* **WHAT IS EXPECTED**
Exclude the pictures, then copy word for word the lines running from the beginning of the records through the line with "original software programs.".
AVAILABLE DATA START
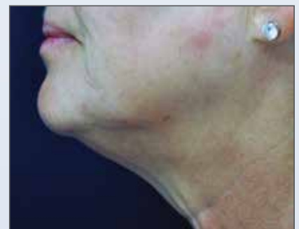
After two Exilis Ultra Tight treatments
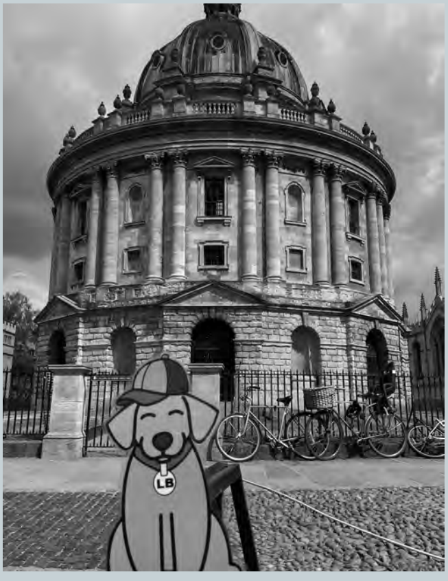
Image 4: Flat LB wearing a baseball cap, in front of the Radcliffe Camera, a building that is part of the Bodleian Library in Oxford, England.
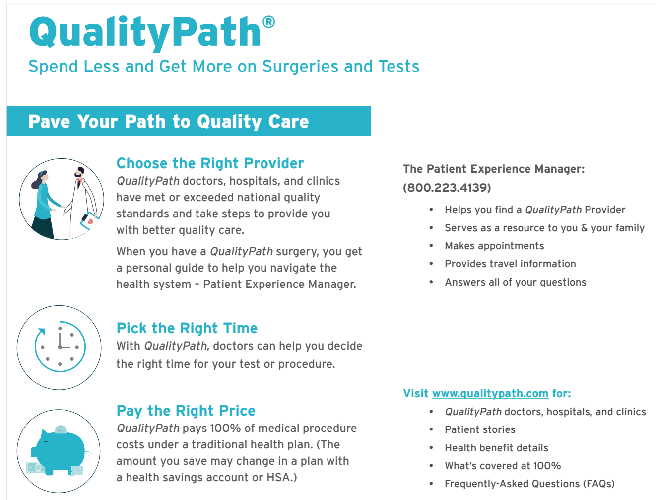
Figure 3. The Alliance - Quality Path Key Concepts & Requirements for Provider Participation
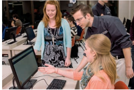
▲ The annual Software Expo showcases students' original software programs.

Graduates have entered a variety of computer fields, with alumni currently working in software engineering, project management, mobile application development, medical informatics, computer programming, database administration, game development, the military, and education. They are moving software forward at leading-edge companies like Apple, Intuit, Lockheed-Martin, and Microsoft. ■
AVAILABLE DATA END
* **OUTPUT FOR THIS EXERCISE**
After two Exilis Ultra Tight treatments
Image 4: Flat LB wearing a baseball cap, in front of the Radcliffe Camera, a building that is part of the Bodleian Library in Oxford, England.
Figure 3. The Alliance - Quality Path Key Concepts & Requirements for Provider Participation
▲ The annual Software Expo showcases students' original software programs.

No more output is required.